Problem statement:
For the entries below, copy exactly the line that contains "每個集裝箱房屋單元都有一個主" through the line that contains "1970’s Vintage L.", both ends included, and exclude all pictures.

Given records:
------------------------------------------------------------

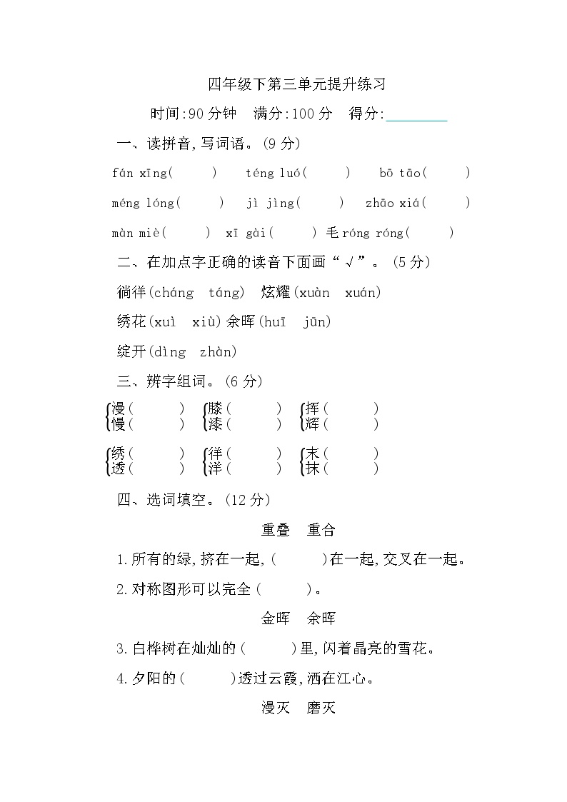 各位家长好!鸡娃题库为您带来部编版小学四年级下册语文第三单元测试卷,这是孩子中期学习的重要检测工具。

------------------------------------------------------------

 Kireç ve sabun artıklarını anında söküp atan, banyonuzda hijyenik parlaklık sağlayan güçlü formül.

------------------------------------------------------------

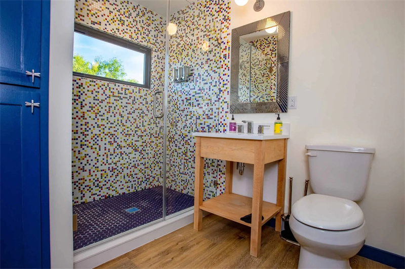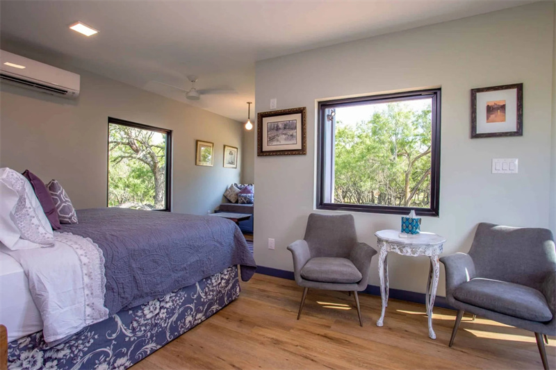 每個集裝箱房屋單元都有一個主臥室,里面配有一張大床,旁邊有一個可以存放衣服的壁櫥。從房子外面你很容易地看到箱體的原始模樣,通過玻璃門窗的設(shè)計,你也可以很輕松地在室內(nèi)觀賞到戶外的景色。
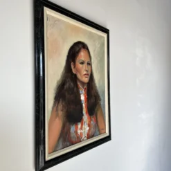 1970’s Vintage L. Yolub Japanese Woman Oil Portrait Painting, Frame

------------------------------------------------------------

Answer:
 每個集裝箱房屋單元都有一個主臥室,里面配有一張大床,旁邊有一個可以存放衣服的壁櫥。從房子外面你很容易地看到箱體的原始模樣,通過玻璃門窗的設(shè)計,你也可以很輕松地在室內(nèi)觀賞到戶外的景色。
 1970’s Vintage L. Yolub Japanese Woman Oil Portrait Painting, Frame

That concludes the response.